But once in a great while, if you are lucky and not looking too carefully, you can still have one of those chance encounters. On Tuesday we left Glasgow, headed for the highlands, and after hours of careful planning and debate we decided that the optimal path was to train to Edinburgh, put our bags in storage for four hours (with a storage site carefully selected in advance, of course), and then pick up a rental car at the airport. And all worked as we had planned. But in the middle, during those four hours, we walked out of the train station and ran into a juggler. And then a polka band. And then another juggler. And by the time we reached the castle, I had a fistful of flyers for a cappella groups performing that day. And there were a LOT of people. Finally I asked a guy, "Why are there so many a cappella groups?" He looked at me quizzically: "We're trying to make it!" I insisted, "But why today?" He looked at me like I was daft, "Uh, Fringe." We had stumbled onto the Edinburgh Fringe Festival, or, as he put it, "the largest performance arts festival in the world." We had no idea. So we picked the next show, walked over to the venue, bought some tickets and spent an hour watching 16 kids singing pop songs a cappella. His incredulity at our ignorance speaks to how rare it is for travelers to stumble onto something that is so well known and so well advertised.

Then, on Thursday, staying in our carefully selected airbnb apartment in a small town in the highlands, we noticed a very large number of motorcycles in town.
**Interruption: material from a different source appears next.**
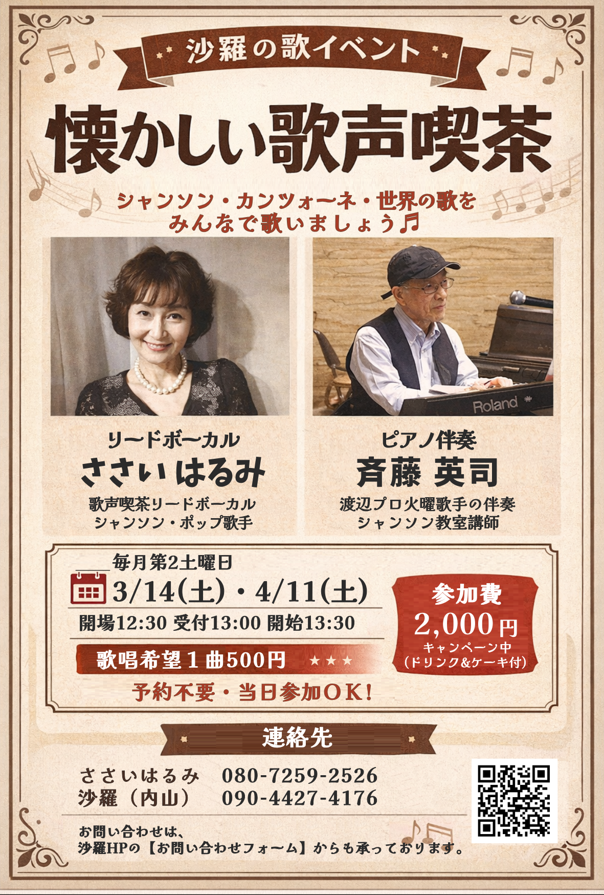 沙羅の歌声喫茶、始めました。♪毎月第2土曜♪

Also, some of the businesses had newly hung Harley Davidson signs in their windows. And our favorite field in town for throwing frisbee had been fenced and turned into a tented campground. Well, it turns out that, somehow, we stumbled onto the site of "Thunder in the Glens," which is, apparently, Europe's largest motorcycle rally and is topped off with an hour-long parade of bikers on Saturday. We shall see what fun comes from this!

Long ago I clipped a column by Paul Theroux out of the International Herald-Tribune that argued that while travel was changing, there would still be opportunities out there to "get lost," by which he meant to experience the unknown, the uncertain, the unexpected. He was writing in 2000, when internet-based travel was still in its infancy, when travel often still consisted of squinting at an out-of-date guide book for hints on how to navigate a new city, but he was previewing travel as we experience it today: curated, planned, anticipated, connected. He argued that it would take more work to be surprised, but that the effort would be worth it, that those moments of unexpected magic that make travel exciting and fulfilling would be harder to find, that you might have to turn off your phone and wander, but that they still existed and were worth the effort.

To be honest, traveling with kids requires a lot of planning. We are five, so we can't fit in a regular hotel room or a compact car. We probably can't just show up in a town with no bed reservation and expect to get anything remotely workable. Our kids are picky eaters, so we can't just graze on whatever we find at the train station. But, when we can, when the chance encounter presents itself, we are still going to try to follow it, and we are going to try to put ourselves in situations where the chance encounter is more likely.